2. The method of claim 1 , further comprising:
creating a landscape video preview by stitching together each filtered segment.
3. The method of claim 1 , further comprising:
creating a landscape video preview by stitching together each filtered segment;
distributing the landscape video preview to the one or more client devices, when the one or more client devices is in landscape viewing mode.
4. The method of claim 1 , further comprising:
creating a landscape video preview by stitching together each filtered segment;
distributing the landscape video preview to the one or more client devices, when the one or more client devices is in landscape viewing mode;
wherein the distributing the video preview to the one or more mobile client devices distributes the video preview to the one or more mobile client devices, when the one or more client devices is in portrait viewing mode.
5. The method of claim 1 , wherein the no voice characteristics includes one or more characters in each segment that is has no lip movement.
6. The method of claim 1 , wherein the filtering each segment in the plurality of segments further comprises:
using facial recognition to identify characters in the landscape format video file;
identifying segments in the plurality of segments that includes one or more main characters.
7. The method of claim 1 , wherein the filtering each segment in the plurality of segments further comprises:
analyzing subtitles in the landscape format video file to evaluate importance of scenes.
8. The method of claim 1 , wherein the filtering each segment in the plurality of segments further comprises:
analyzing character facial expressions in the landscape format video file to evaluate importance of scenes.
9. The method of claim 1 , wherein the filtering each segment in the plurality of segments further comprises:
analyzing audio present in the landscape format video file to evaluate importance of scenes.
10. The method of claim 1 , wherein the filtering each segment in the plurality of segments further comprises:
analyzing aggregate viewer consumption patterns to evaluate importance of scenes.

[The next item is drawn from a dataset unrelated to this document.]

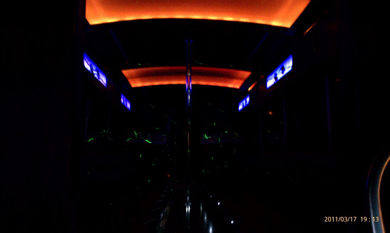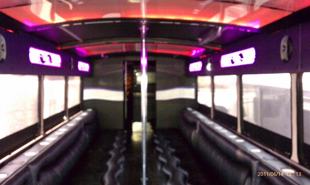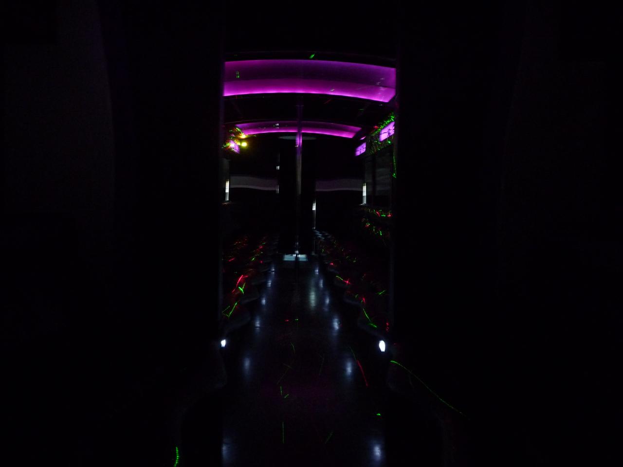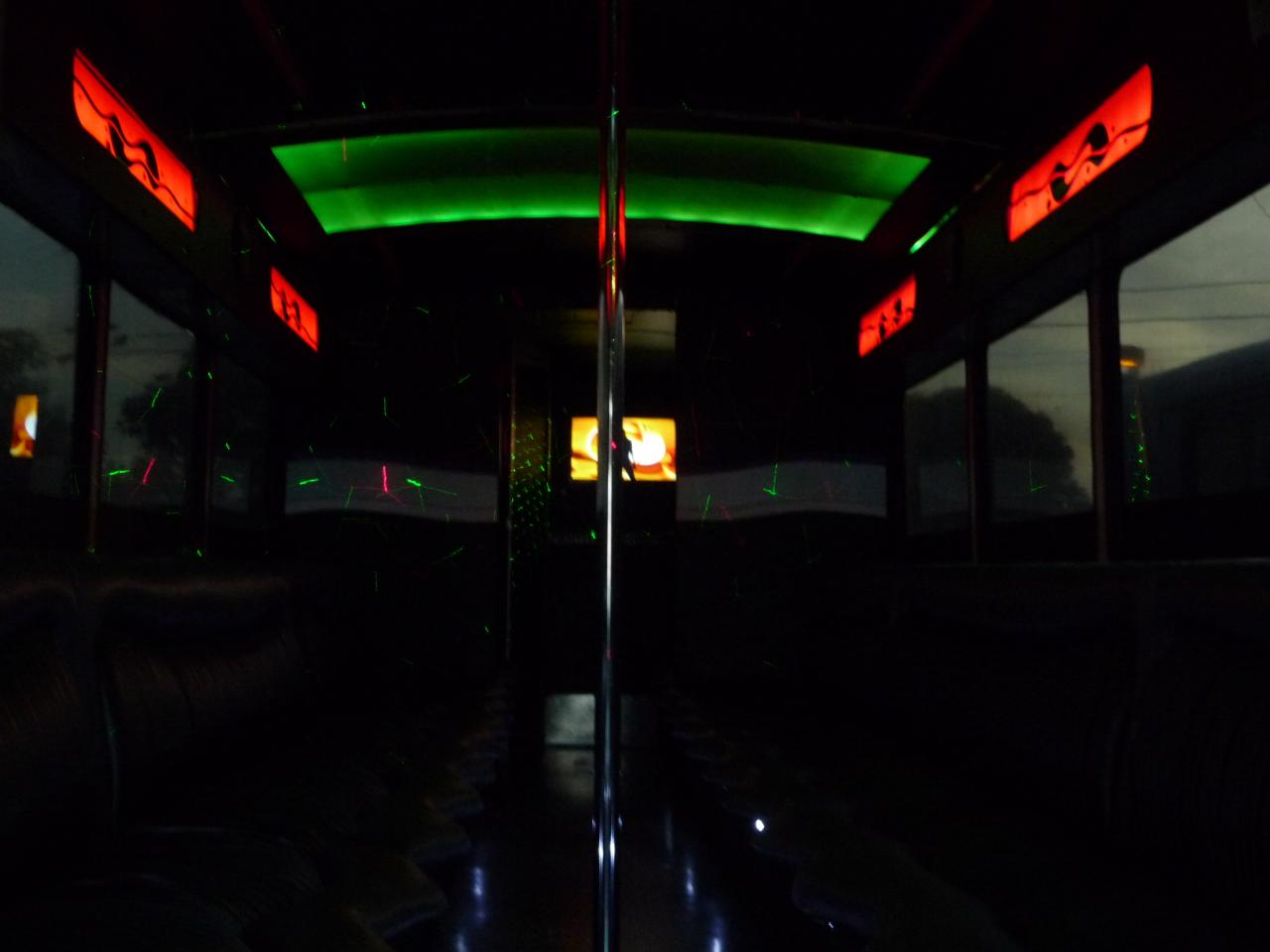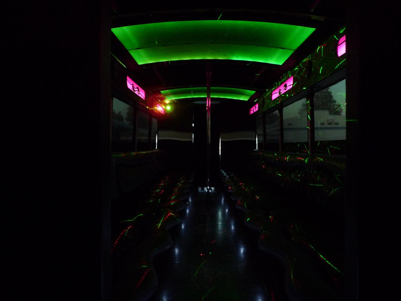 This bus has laser lights, dance pole, ceiling lights and awesome lights with graphics throughout the entire bus.

11. One or more non-transitory computer-readable storage media, storing one or more sequences of instructions, which when executed by one or more processors cause performance of:
analyzing a landscape format video file for a plurality of segments that contain frames that have no voice characteristics;
filtering each segment in the plurality of segments for segments that can retain certain visual information after being cropped to portrait mode;
cropping each filtered segment to portrait format by including at least one character in the cropped filtered segment;
creating a video preview by stitching together each cropped filtered segment;
distributing the video preview to one or more mobile client devices.
12. The one or more non-transitory computer-readable storage media of claim 11 , further comprising:
creating a landscape video preview by stitching together each filtered segment.
13. The one or more non-transitory computer-readable storage media of claim 11 , further comprising:
creating a landscape video preview by stitching together each filtered segment;
distributing the landscape video preview to the one or more client devices, when the one or more client devices is in landscape viewing mode.
14. The one or more non-transitory computer-readable storage media of claim 11 , further comprising:
creating a landscape video preview by stitching together each filtered segment;
distributing the landscape video preview to the one or more client devices, when the one or more client devices is in landscape viewing mode;
wherein the distributing the video preview to the one or more mobile client devices distributes the video preview to the one or more mobile client devices, when the one or more client devices is in portrait viewing mode.
15. The one or more non-transitory computer-readable storage media of claim 11 , wherein the no voice characteristics includes one or more characters in each segment that is has no lip movement.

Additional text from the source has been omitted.